# Assigned task
Would you copy the records below, exactly and only from their first line through the line containing "hossza 140 cm.", without any pictures?

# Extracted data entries
_ _ _ _
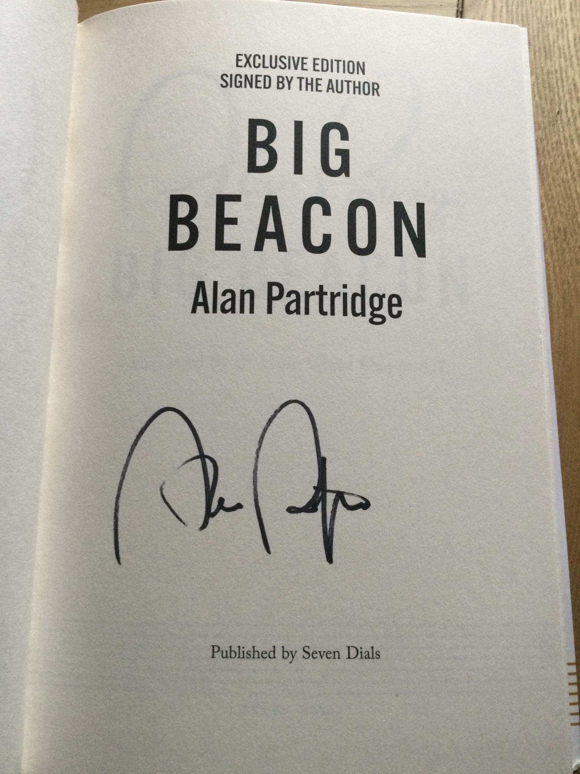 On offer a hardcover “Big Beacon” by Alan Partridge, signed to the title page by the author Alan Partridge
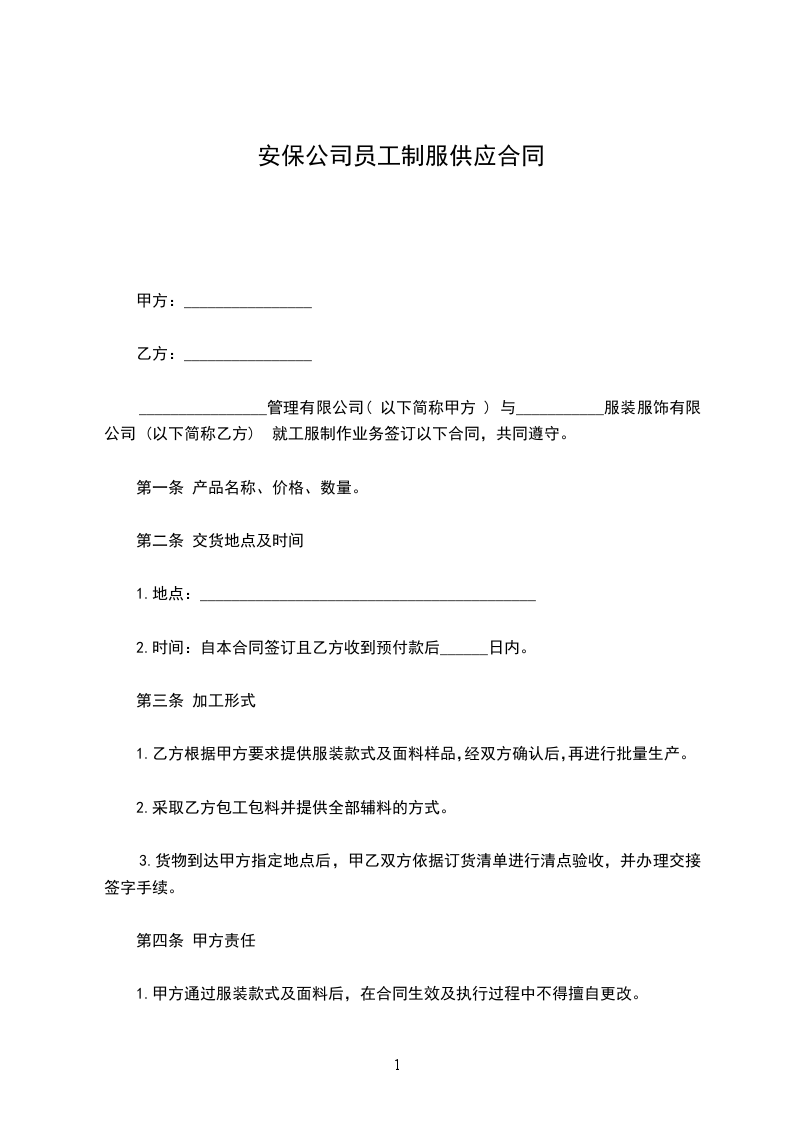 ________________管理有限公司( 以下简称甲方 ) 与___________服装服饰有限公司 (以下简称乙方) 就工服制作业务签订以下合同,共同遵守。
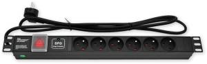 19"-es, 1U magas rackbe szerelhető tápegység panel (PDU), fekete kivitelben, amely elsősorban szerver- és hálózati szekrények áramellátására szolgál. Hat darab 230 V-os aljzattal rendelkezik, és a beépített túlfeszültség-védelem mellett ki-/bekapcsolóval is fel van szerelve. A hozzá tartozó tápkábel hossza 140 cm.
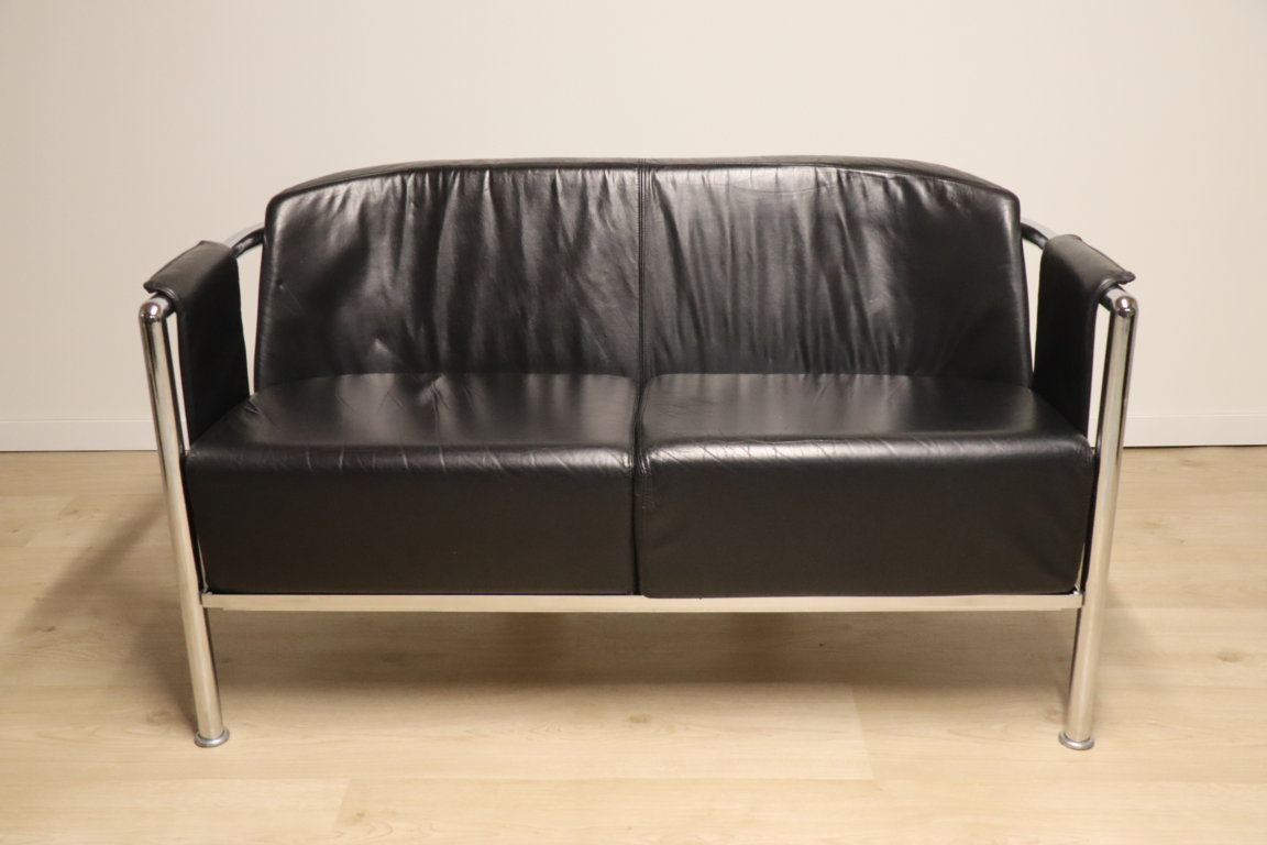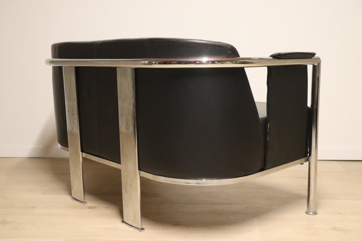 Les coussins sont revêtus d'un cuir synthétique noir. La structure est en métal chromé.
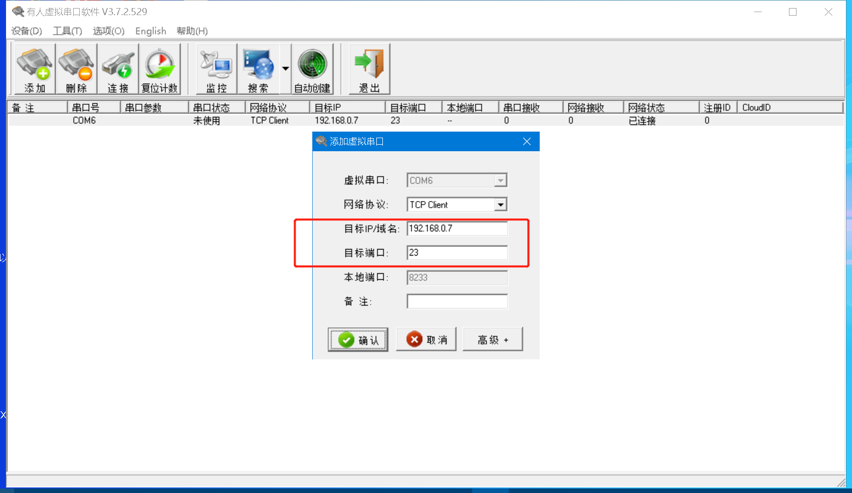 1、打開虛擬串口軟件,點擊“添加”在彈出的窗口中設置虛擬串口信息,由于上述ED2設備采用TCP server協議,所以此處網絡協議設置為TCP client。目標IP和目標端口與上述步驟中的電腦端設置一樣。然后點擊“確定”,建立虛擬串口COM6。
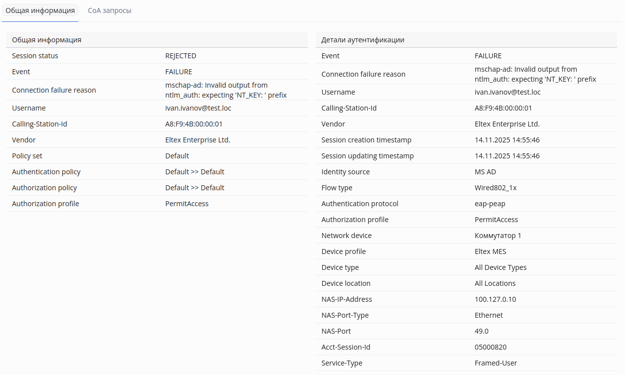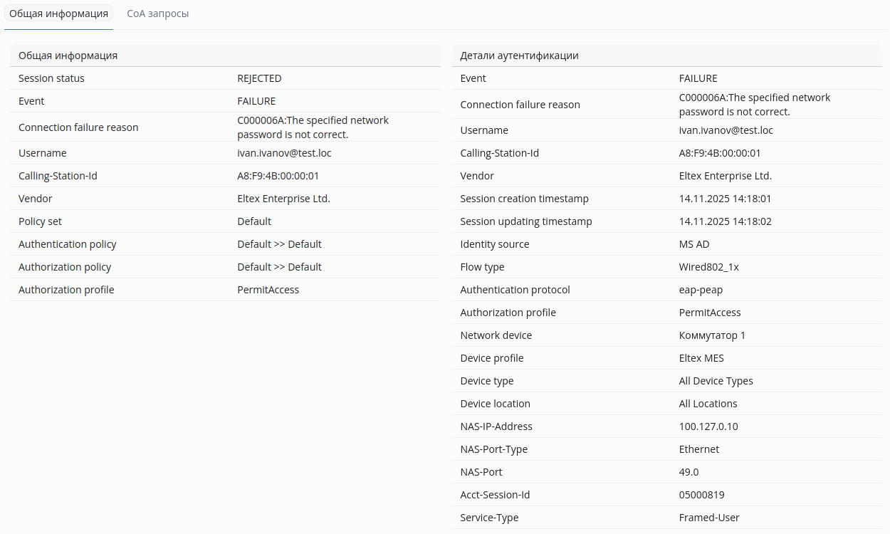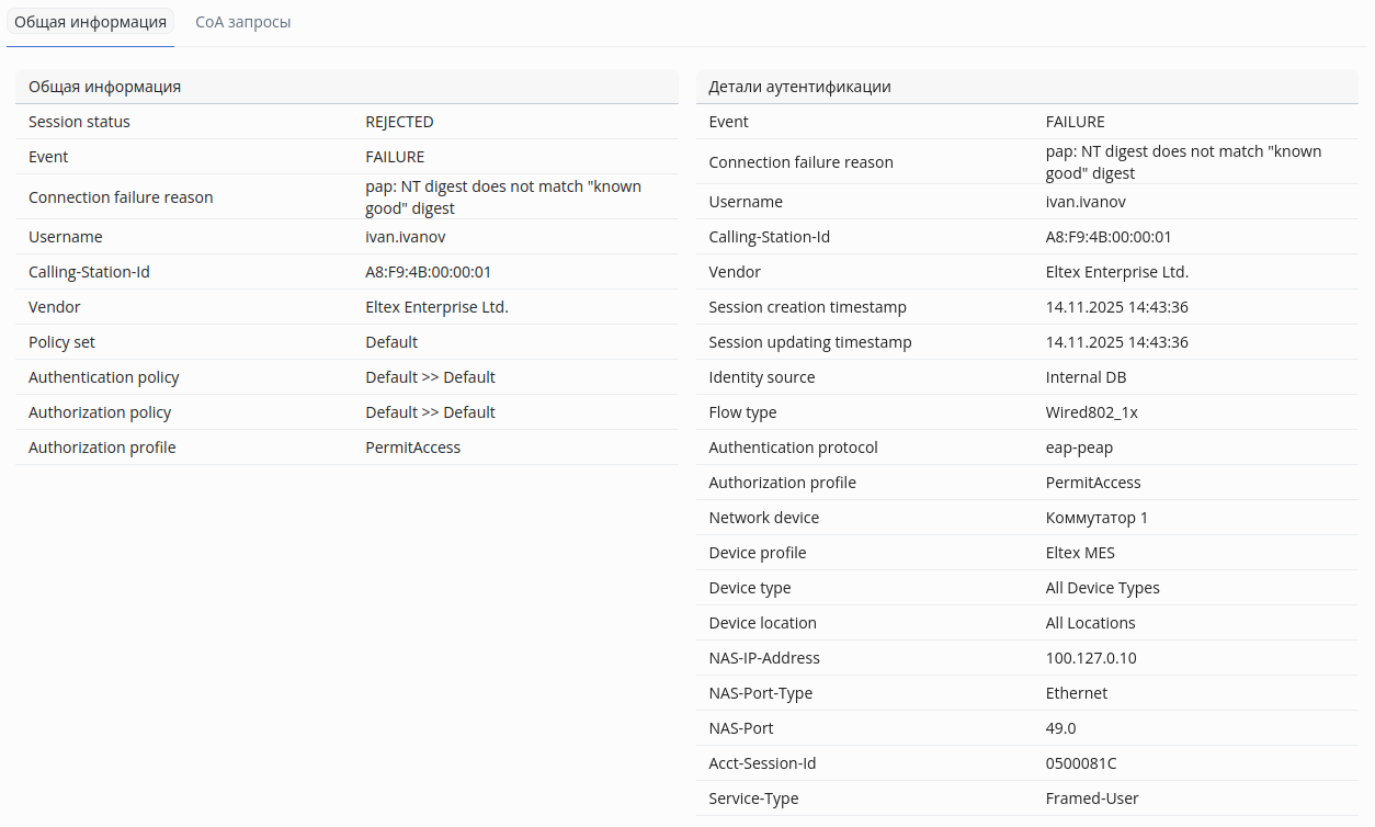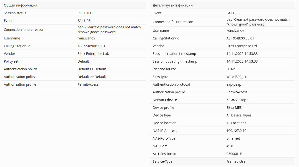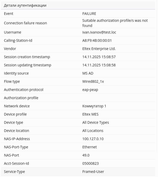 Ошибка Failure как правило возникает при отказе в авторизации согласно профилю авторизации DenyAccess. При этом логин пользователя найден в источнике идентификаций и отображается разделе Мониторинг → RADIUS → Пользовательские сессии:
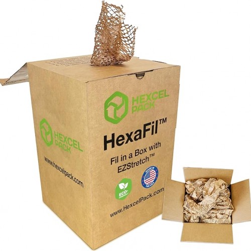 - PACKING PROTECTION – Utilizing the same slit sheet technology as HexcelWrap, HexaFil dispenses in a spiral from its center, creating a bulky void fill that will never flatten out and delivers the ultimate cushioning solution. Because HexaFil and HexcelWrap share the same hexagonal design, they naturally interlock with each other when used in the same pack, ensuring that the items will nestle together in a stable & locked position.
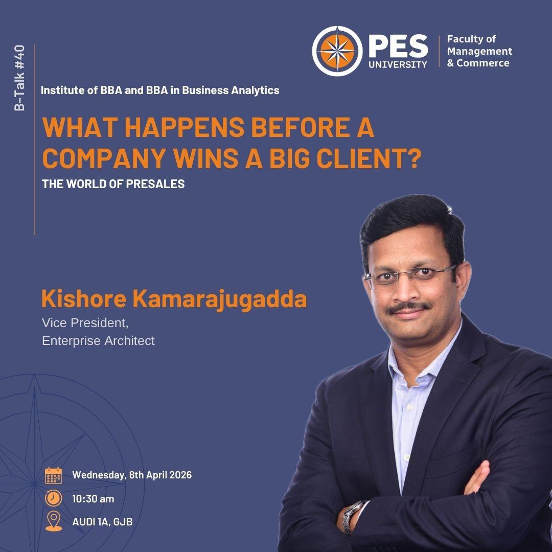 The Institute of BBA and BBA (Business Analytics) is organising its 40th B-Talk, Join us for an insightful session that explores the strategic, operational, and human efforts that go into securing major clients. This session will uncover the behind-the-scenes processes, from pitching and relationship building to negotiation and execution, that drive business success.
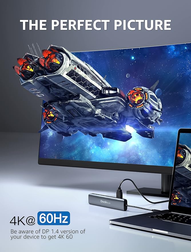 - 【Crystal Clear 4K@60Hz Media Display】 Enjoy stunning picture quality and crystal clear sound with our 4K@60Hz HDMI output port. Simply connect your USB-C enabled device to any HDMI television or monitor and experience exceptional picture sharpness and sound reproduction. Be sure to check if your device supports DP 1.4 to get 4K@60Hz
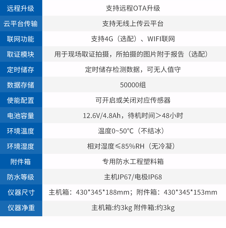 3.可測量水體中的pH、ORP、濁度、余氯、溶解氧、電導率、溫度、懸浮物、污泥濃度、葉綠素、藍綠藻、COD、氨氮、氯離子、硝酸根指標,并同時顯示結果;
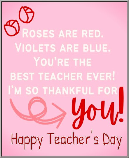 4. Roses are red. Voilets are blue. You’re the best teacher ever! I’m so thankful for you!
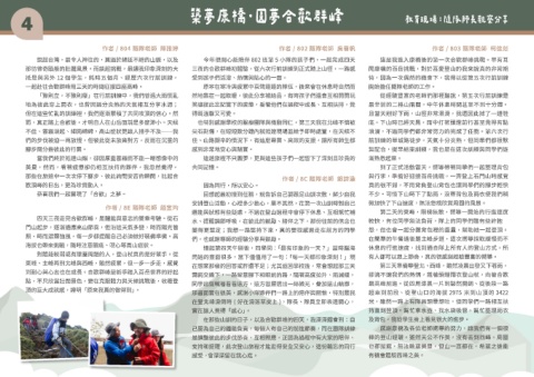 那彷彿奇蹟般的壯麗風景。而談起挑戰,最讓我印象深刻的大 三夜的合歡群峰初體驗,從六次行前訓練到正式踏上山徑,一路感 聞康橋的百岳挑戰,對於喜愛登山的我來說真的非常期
_ _ _ _
# Solution to the exercise
 On offer a hardcover “Big Beacon” by Alan Partridge, signed to the title page by the author Alan Partridge
 ________________管理有限公司( 以下简称甲方 ) 与___________服装服饰有限公司 (以下简称乙方) 就工服制作业务签订以下合同,共同遵守。
 19"-es, 1U magas rackbe szerelhető tápegység panel (PDU), fekete kivitelben, amely elsősorban szerver- és hálózati szekrények áramellátására szolgál. Hat darab 230 V-os aljzattal rendelkezik, és a beépített túlfeszültség-védelem mellett ki-/bekapcsolóval is fel van szerelve. A hozzá tartozó tápkábel hossza 140 cm.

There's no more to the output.